The BRAF^V600E mutation occurs in more than 50% of cutaneous melanomas, and results in the constitutive activation of the mitogen-activated protein kinases (MAPK) pathway. MAP kinase-interacting serine/threonine-protein kinase 1 and 2 (MNK1/2) are downstream effectors of the activated MAPK pathway, and important molecular targets in invasive and metastatic cancer. Despite the well-known role of MNK1 in regulating mRNA translation, little is known concerning the impact of its aberrant activation on gene transcription. Here, we show that changes in the activity, or abundance, of MNK1 result in changes in the expression of pro-oncogenic and pro-invasive genes. Among the MNK1-upregulated genes, we identify Angiopoietin-like 4 (ANGPTL4), which in turn promotes an invasive phenotype via its ability to induce the expression of matrix metalloproteinases (MMPs). Using a pharmacologic inhibitor of MNK1/2, SEL201, we demonstrate that BRAF^V600E-mutated cutaneous melanoma cells are reliant on MNK1/2 for invasion and lung metastasis.

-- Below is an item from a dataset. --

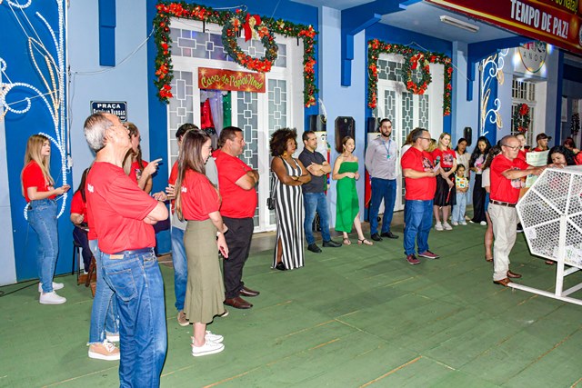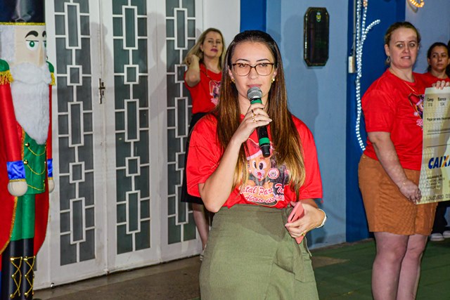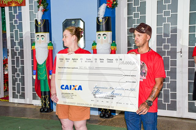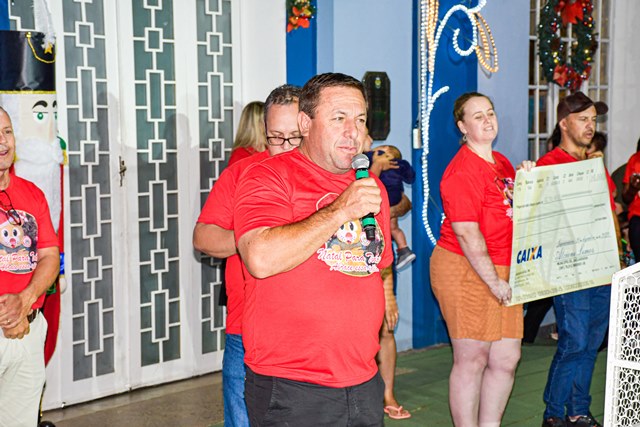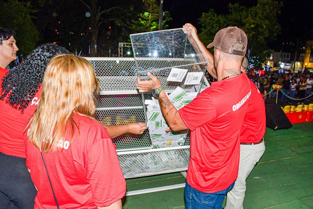 O diretor de tributação, Disnei Alves de Oliveira e a secretária da SEFIP, Bruna Silva Miranda Zivigicóski, falaram sobre as regras da campanha. A secretária Bruna enfatizou que o pagamento em dia do IPTU gera recursos para aplicação em obras e serviços em benefício de todos. Também esteve no sorteio o vice-prefeito Adilson Passos Félix e a prefeita Alcione Lemos, que deixaram saudações a todos. A prefeita Alcione destacou que o Natal para todos é realizado há 15 anos, sempre oferecendo atrações culturais e momentos de alegria, cultura e confraternização. Sobre o IPTU, registrou a inovação, que foi a distribuição de 10 prêmios em dinheiro.

BRAF ^V600E突变发生在超过 50% 的皮肤黑色素瘤中，并导致丝裂原激活蛋白激酶 (MAPK) 通路的组成型激活。 MAP 激酶相互作用丝氨酸/苏氨酸蛋白激酶 1 和 2 (MNK1/2) 是激活的 MAPK 通路的下游效应器，也是侵袭性和转移性癌症的重要分子靶标。尽管 MNK1 在调节 mRNA 翻译中的作用众所周知，但其异常激活对基因转录的影响却知之甚少。在这里，我们发现 MNK1 活性或丰度的变化会导致促癌基因和促侵袭基因表达的变化。在 MNK1 上调基因中，我们发现了血管生成素样 4 ( ANGPTL4 )，它反过来通过诱导基质金属蛋白酶 (MMP) 表达的能力促进侵袭表型。使用 MNK1/2 的药理学抑制剂 SEL201，我们证明BRAF ^V600E突变的皮肤黑色素瘤细胞依赖于 MNK1/2 进行侵袭和肺转移。